START PROVIDED INFORMATION
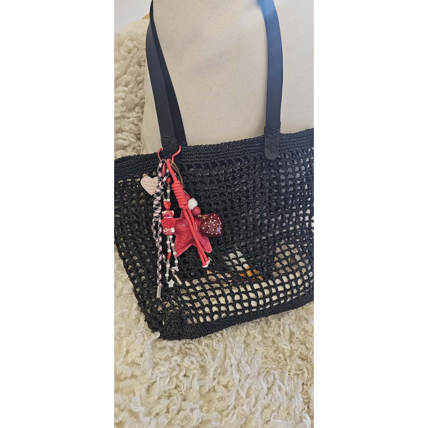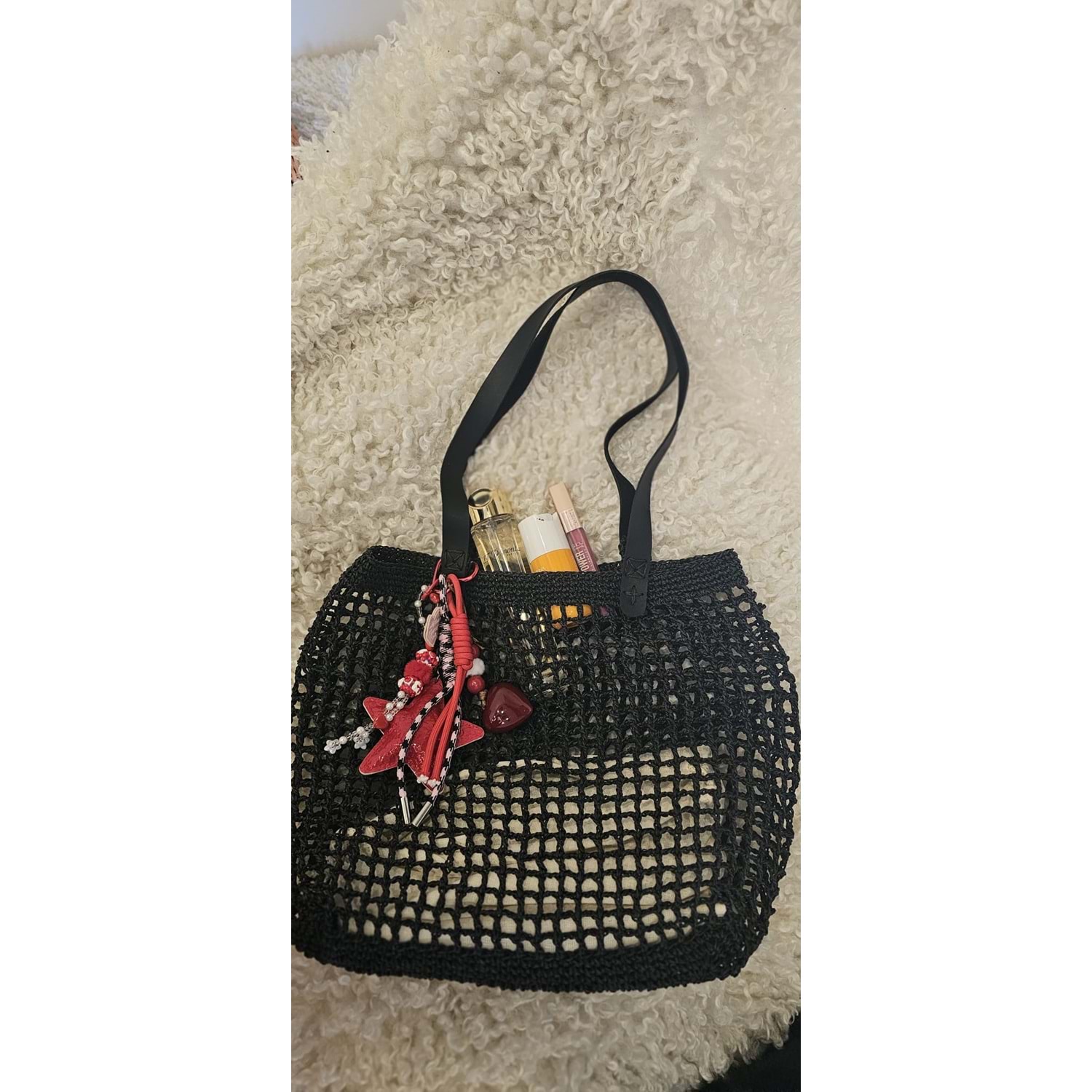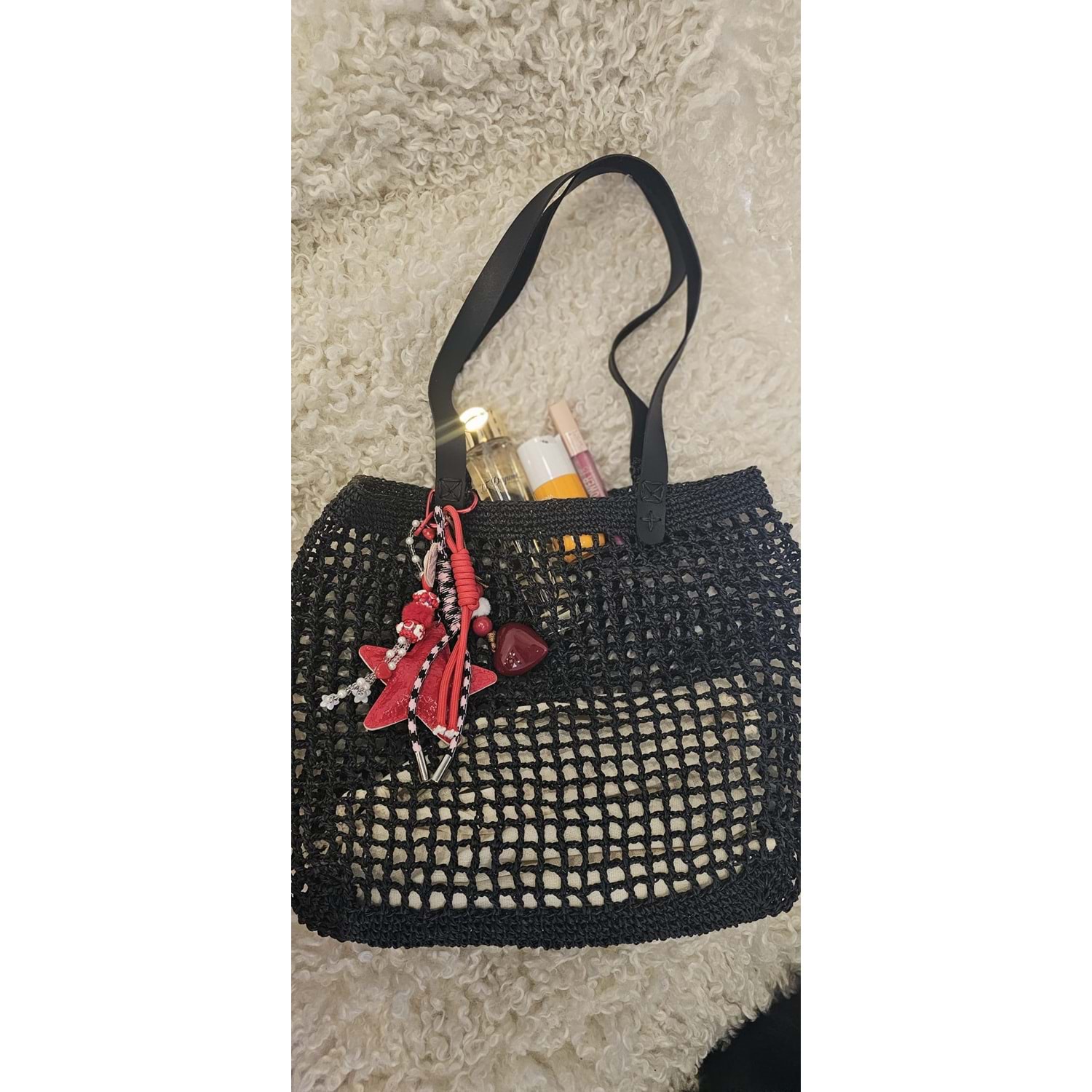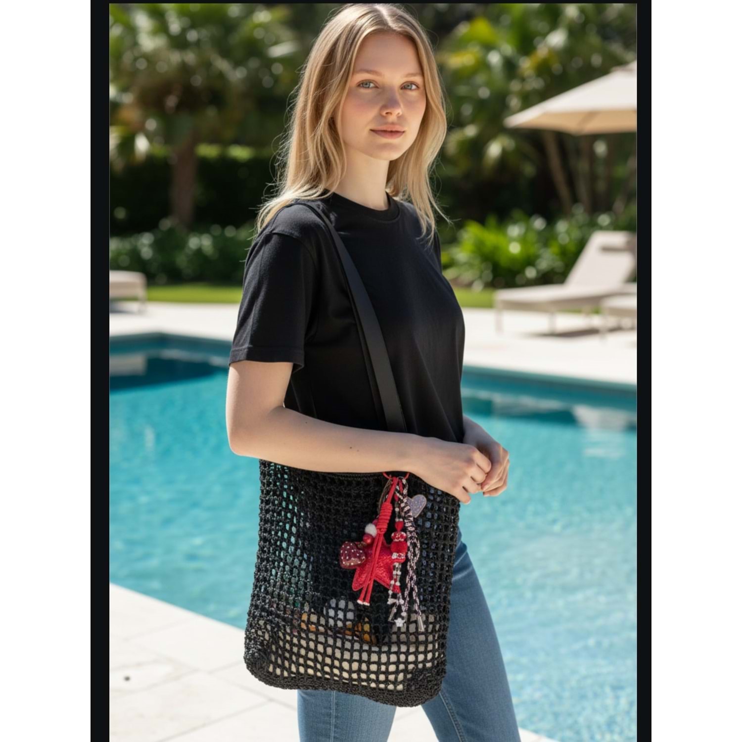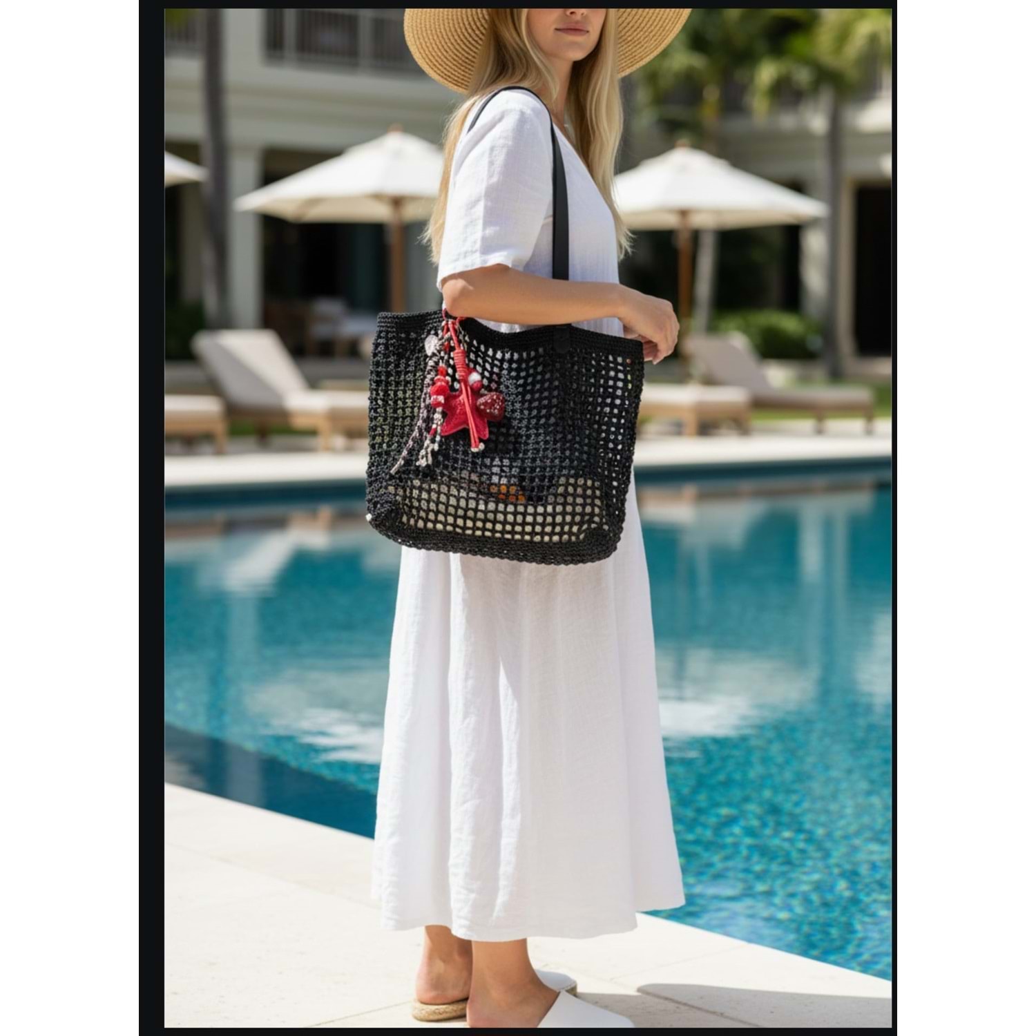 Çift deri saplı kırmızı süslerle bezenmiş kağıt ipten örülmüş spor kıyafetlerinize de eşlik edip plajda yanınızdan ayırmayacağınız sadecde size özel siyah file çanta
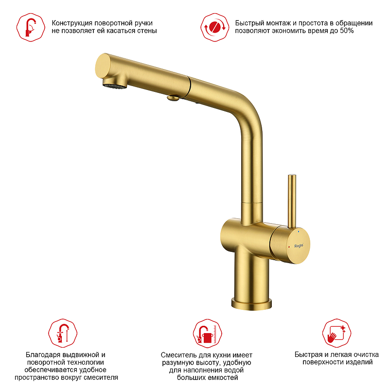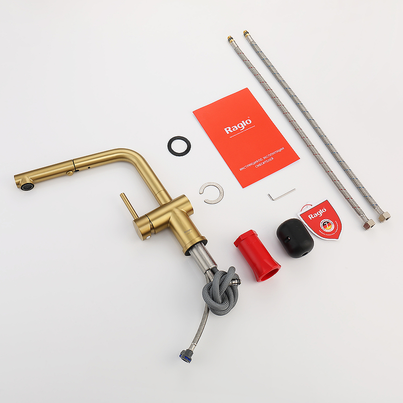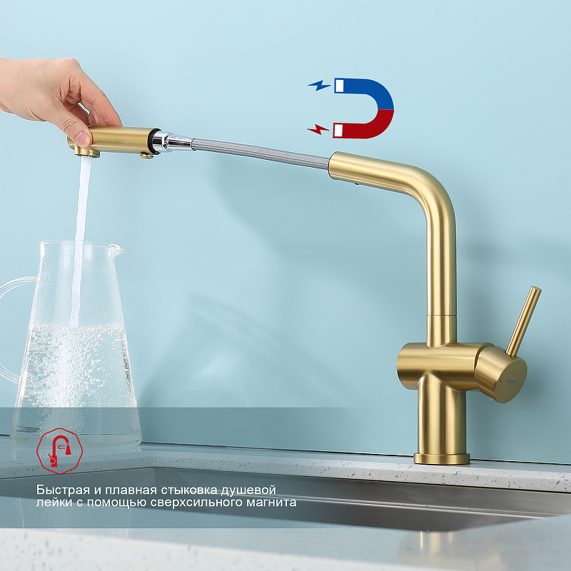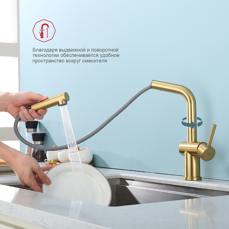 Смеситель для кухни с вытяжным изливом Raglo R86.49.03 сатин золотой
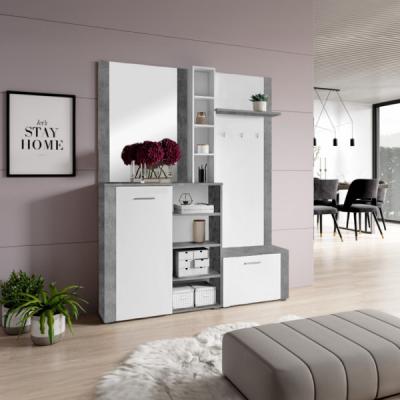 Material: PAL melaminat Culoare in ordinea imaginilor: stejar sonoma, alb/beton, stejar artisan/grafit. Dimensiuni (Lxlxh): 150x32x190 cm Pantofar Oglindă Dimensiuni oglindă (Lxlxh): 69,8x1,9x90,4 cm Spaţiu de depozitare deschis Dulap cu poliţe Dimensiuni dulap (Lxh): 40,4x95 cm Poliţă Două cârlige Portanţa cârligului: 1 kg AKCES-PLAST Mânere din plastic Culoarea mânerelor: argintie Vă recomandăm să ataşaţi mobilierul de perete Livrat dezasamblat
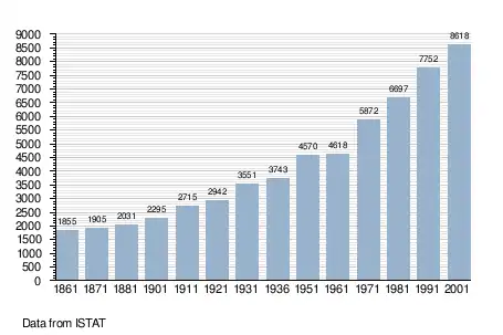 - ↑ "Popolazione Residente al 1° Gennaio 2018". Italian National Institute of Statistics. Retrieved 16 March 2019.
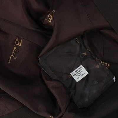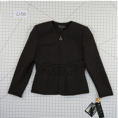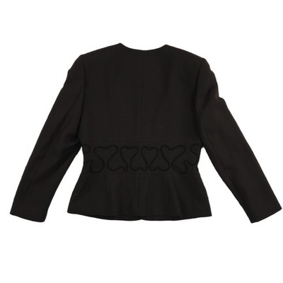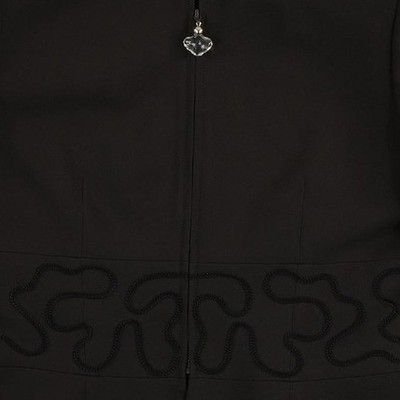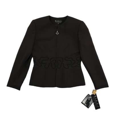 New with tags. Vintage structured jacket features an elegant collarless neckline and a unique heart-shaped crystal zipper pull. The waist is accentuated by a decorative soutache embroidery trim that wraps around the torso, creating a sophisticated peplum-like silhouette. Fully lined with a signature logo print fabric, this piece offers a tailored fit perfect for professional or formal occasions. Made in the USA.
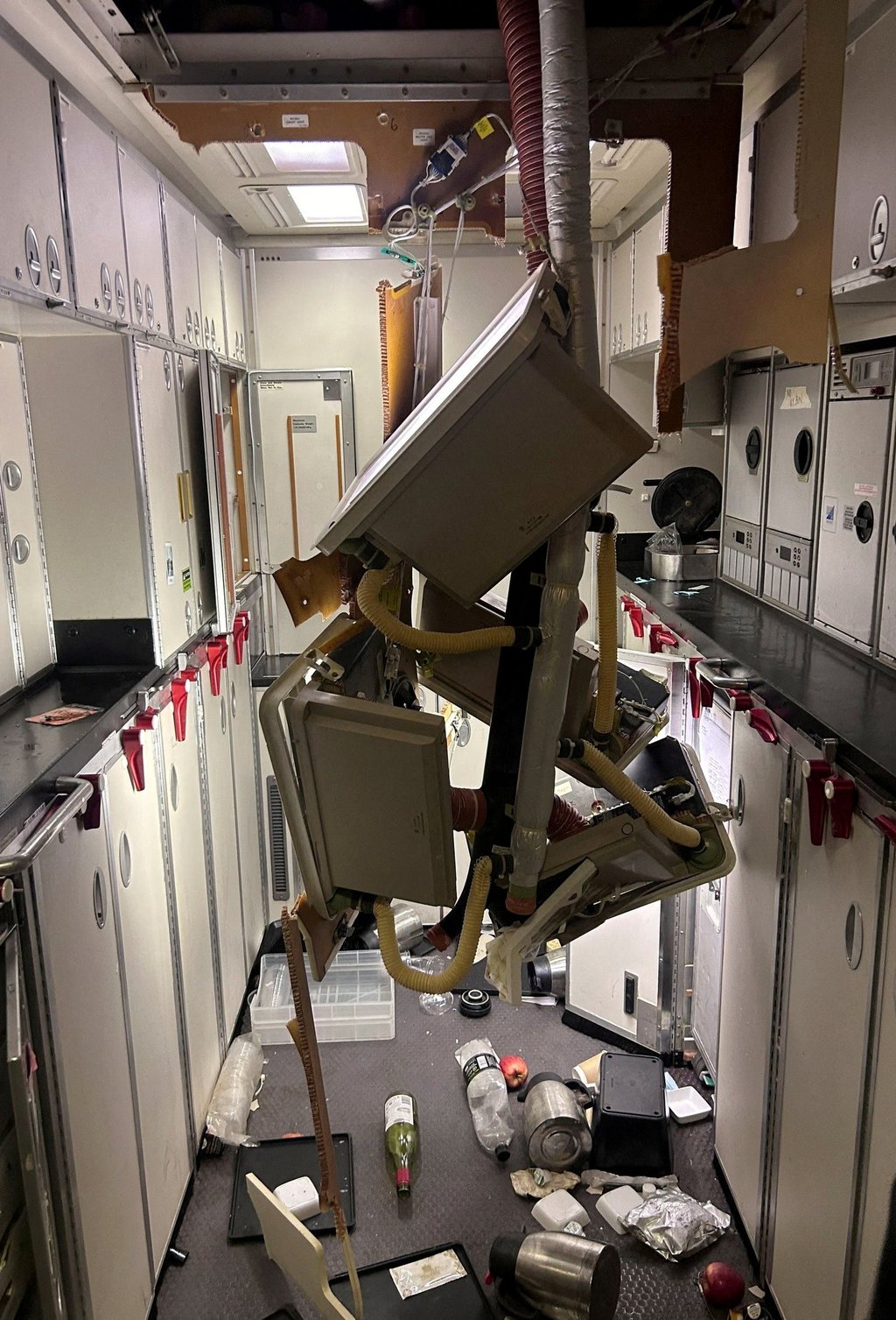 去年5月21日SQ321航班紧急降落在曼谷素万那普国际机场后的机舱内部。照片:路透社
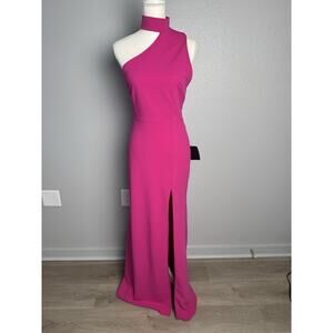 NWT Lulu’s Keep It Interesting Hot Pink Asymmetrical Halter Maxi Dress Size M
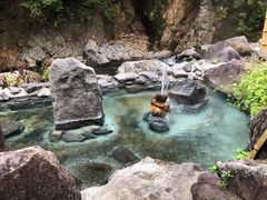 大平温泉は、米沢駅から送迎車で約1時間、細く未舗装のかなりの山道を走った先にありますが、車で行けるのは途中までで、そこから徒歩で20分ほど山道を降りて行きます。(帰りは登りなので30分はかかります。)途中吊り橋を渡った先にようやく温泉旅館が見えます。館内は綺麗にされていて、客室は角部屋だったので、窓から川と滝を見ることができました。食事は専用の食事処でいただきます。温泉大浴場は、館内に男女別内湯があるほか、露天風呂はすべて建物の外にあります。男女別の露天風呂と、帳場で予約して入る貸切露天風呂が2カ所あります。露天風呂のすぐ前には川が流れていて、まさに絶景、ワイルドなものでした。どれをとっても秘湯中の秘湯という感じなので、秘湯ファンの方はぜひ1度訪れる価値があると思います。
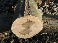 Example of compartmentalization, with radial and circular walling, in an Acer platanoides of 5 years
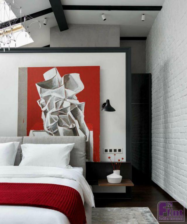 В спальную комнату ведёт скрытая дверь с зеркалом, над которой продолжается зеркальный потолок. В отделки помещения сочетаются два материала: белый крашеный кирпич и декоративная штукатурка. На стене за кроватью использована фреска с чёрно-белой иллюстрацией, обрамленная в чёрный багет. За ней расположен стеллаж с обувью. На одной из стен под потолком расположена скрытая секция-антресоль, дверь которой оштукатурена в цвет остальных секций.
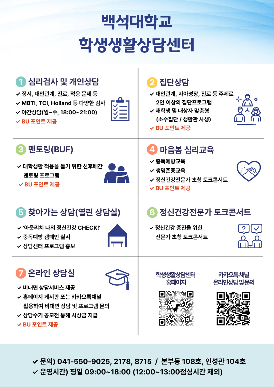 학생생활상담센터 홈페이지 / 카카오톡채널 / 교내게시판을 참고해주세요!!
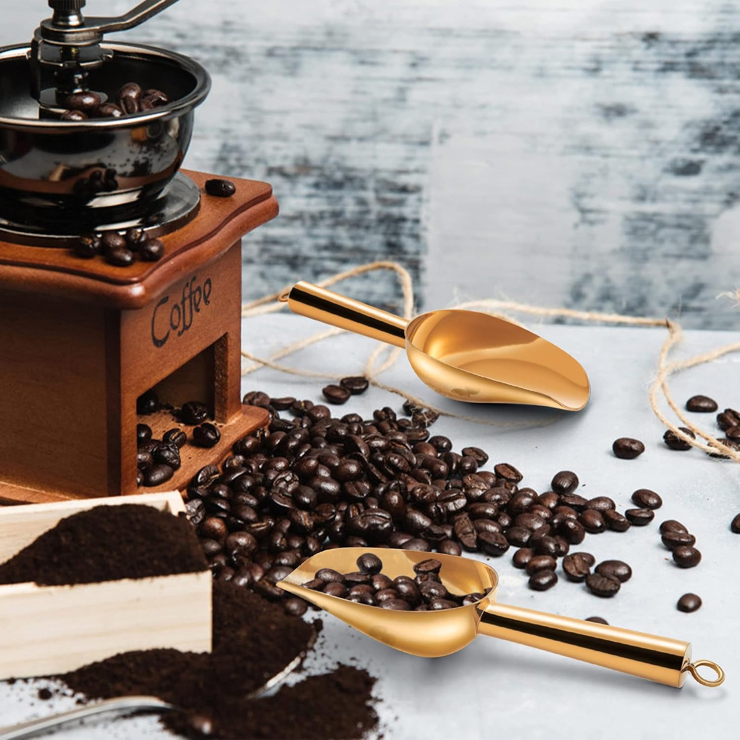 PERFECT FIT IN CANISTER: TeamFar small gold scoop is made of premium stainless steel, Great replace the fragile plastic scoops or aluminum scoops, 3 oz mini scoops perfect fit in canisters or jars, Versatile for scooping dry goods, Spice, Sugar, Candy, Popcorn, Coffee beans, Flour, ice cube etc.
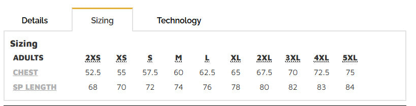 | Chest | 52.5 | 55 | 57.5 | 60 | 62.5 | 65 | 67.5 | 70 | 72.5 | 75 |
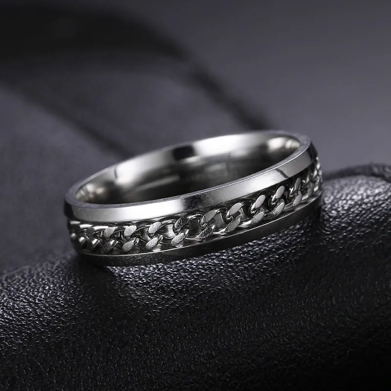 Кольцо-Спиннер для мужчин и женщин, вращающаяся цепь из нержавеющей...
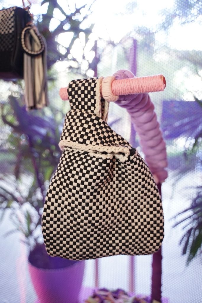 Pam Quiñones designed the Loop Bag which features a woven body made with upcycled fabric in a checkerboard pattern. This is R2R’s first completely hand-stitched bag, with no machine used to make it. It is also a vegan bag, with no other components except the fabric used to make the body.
END PROVIDED INFORMATION
#### EXERCISE PROMPT
Every line from the one that contains "PERFECT FIT IN CANISTER: TeamFar" through the end of the records above is to be reproduced exactly; no picture goes in the copy.

#### WRITTEN ANSWER
 PERFECT FIT IN CANISTER: TeamFar small gold scoop is made of premium stainless steel, Great replace the fragile plastic scoops or aluminum scoops, 3 oz mini scoops perfect fit in canisters or jars, Versatile for scooping dry goods, Spice, Sugar, Candy, Popcorn, Coffee beans, Flour, ice cube etc.
 | Chest | 52.5 | 55 | 57.5 | 60 | 62.5 | 65 | 67.5 | 70 | 72.5 | 75 |
 Кольцо-Спиннер для мужчин и женщин, вращающаяся цепь из нержавеющей...
 Pam Quiñones designed the Loop Bag which features a woven body made with upcycled fabric in a checkerboard pattern. This is R2R’s first completely hand-stitched bag, with no machine used to make it. It is also a vegan bag, with no other components except the fabric used to make the body.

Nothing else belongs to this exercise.